‘I don’t know whether you believe this paranoid bollocks—’
‘We know what’s going on!’ shouted Pippa.
‘Shut up. Nobody except the killer knew Quine was dead when you started stalking me. You followed me the day I found the body and I know you were following Leonora for a week before that. Why?’ And when she did not answer, he repeated: ‘Last chance: why did you follow me from Leonora’s?’
‘I thought you might lead me to where he was,’ said Pippa.
‘Why did you want to know where he was?’
‘So I could fucking kill him!’ yelled Pippa, and Robin was confirmed in her impression that Pippa shared Martin’s almost total lack of self-preservation.

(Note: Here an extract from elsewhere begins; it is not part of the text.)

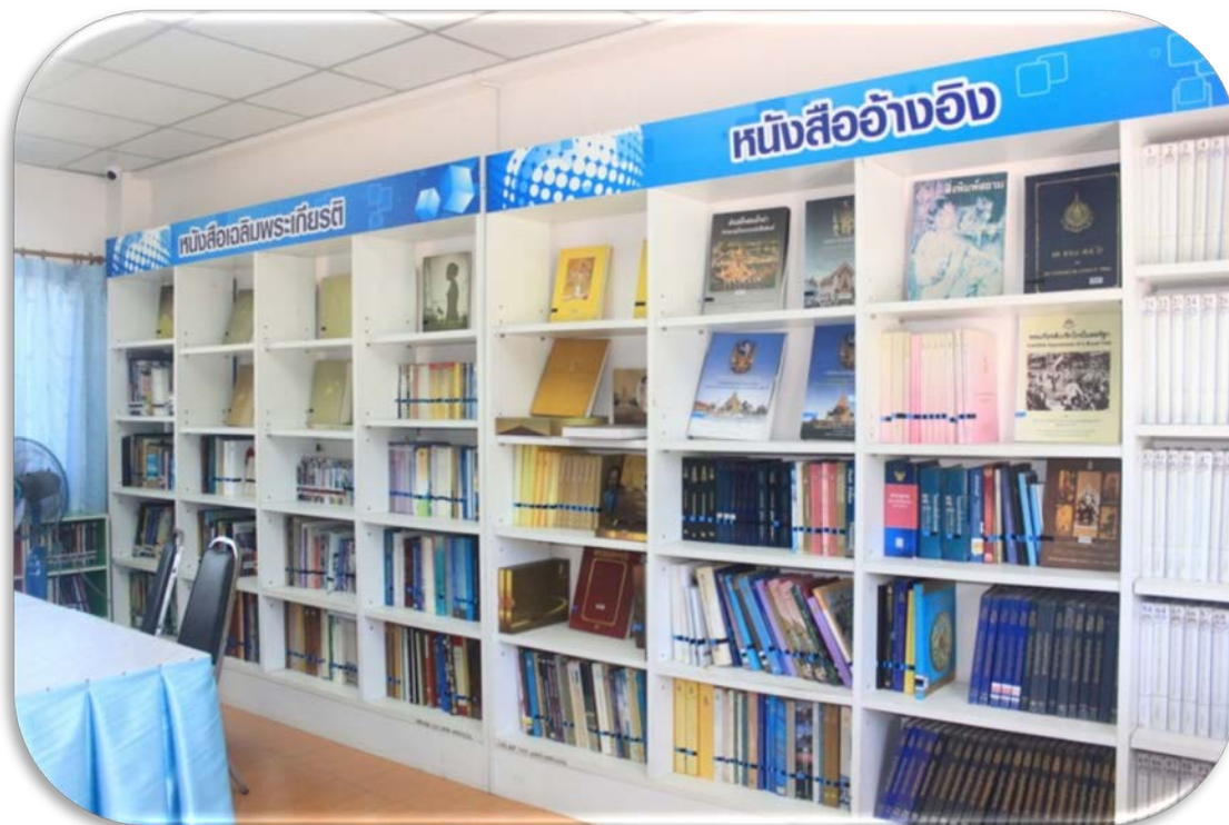
มุมหนังสือเฉลิมพระเกียรติ และหนังสืออ้างอิง

- ชั้น 2 ให้บริการมุมหนังสืออ้างอิง หนังสือเฉลิมพระเกียรติ มุมหนังสือทั่วไป ทั้ง 10 หมวด และบริการอินเทอร์เน็ต และมีการกั้นห้องเป็นห้องประชุมใช้สำหรับการทำกิจกรรมต่าง ๆ

‘And why did you want to kill him?’ asked Strike, as though she had said nothing out of the ordinary.
‘Because of what he did to us in that horrible fucking book! You know – you’ve read it – Epicoene – that bastard, that bastard—’
‘Bloody calm down! So you’d read Bombyx Mori by then?’
‘Yeah, of course I had—’
‘And that’s when you started putting shit through Quine’s letter box?’
‘Shit for a shit!’ she shouted.
‘Witty. When did you read the book?’
‘Kath read the bits about us on the phone and then I went round and—’
‘When did she read you the bits on the phone?’
‘W-when she came home and found it lying on her doormat. Whole manuscript. She could hardly get the door open. He’d fed it through her door with a note,’ said Pippa Midgley. ‘She showed me.’
‘What did the note say?’
‘It said “Payback time for both of us. Hope you’re happy! Owen.”’
‘“Payback time for both of us”?’ repeated Strike, frowning. ‘D’you know what that meant?’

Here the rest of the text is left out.